Nie da się ukryć, że nasz system opieki zdrowotnej nie jest gotowy na gwałtowny przyrost przypadków dzieci i młodzieży z problemami psychicznymi. – Problemem jest ograniczona dostępność określonych świadczeń, co wynika z wieloletnich zaniedbań w zakresie psychiatrii dziecięcej – przyznaje prof. Piotr Gałecki. – Staramy się to poprawiać. Większość przypadków może być leczona ambulatoryjnie. Dlatego też NFZ kładzie teraz nacisk na rozwój psychiatrii środowiskowej i ambulatoryjnej. Sprawą o wiele istotniejszą jest przekonanie potencjalnych pacjentów, że można im pomóc. Dotyczy to także najmłodszego pokolenia. Nie ukrywam, że musimy włożyć więcej wysiłku w tworzenie sprawnego systemu psychiatrii dziecięcej, bo dzieci wymagających pomocy w tym zakresie jest, niestety, coraz więcej.
Na potwierdzenie tych słów wystarczy podać, że w ubiegłym roku NFZ odnotował ponad 25 tys. przypadków wizyt i porad psychiatrycznych dotyczących nieletnich.

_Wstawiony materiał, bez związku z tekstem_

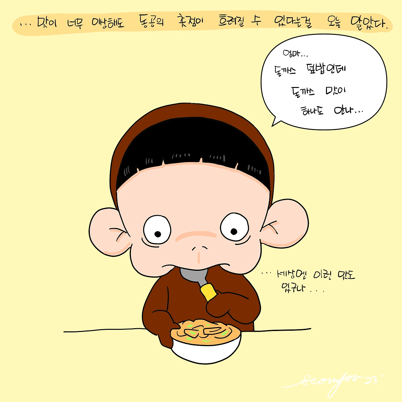 주말이면 어김없이 일찍 일어나는 초딩어린이. 엄마는 30분만 더 자고 일어날거라 했는데 눈떠보니 10시 30분이다. 급하게 시리얼과 삶은 계란을 챙겨줬다. 엄마를 깨우지 않고 얌전히 책을 읽고 문제집을 풀고 있던 빵득이에게 미안한 마음이 들었다. 그래서 점심은 제대로 챙겨주리라 마음 먹었다. 어제 남겨둔 돈까스 생각이 났다. 레시피 검색에 들어갔다. 돈까스 덮밥 만들기! 중간 과정에서 살짝 생략한 부분이 있었지만 일단 완성했다. 혼자 놀기 진수를 보여주며 놀고 있던 빵득이를 불렀다. 돈까스 덮밥이라고 설명했다. 한 입 먹은 빵득이가 갸우뚱 한다. 돈까스 맛이 안난다고 했다. 그래서 김가루를 좀 더 섞으면 괜찮을거라 했다. 두 숟갈, 세 숟갈 즈음 빵득이 표정이 멍~해졌다. 마치 체념하듯. 그러더니 옆으로 와서 내 볼에 뽀뽀를 해줬다. ‘그만 먹고 싶어?^^’ ‘어.’ 그렇게 점심 식사가 끝났다.

To dwa razy więcej niż cztery lata temu. A trzeba pamiętać, że zebrane przez NFZ dane nie są pełne. Wielu młodych ludzi cierpi i nie może liczyć na specjalistyczną pomoc. Dlatego też rodzice powinni pamiętać, że depresja to jedna z najbardziej podstępnych i groźnych chorób. Jej najczęstszymi objawami u młodych ludzi są: izolowanie się (np. zamykanie się w pokoju), ciągłe zmęczenie, brak motywacji i energii do codziennych czynności, zaburzenia snu. Pojawiają się też trudności z koncentracją, gorszy apetyt, niska samoocena i pogorszenie relacji zarówno z najbliższymi, jak i rówieśnikami. Trzeba zwracać baczną uwagę na takie zachowania i odpowiednio reagować. Dzięki temu można bowiem w porę zapobiec tragedii.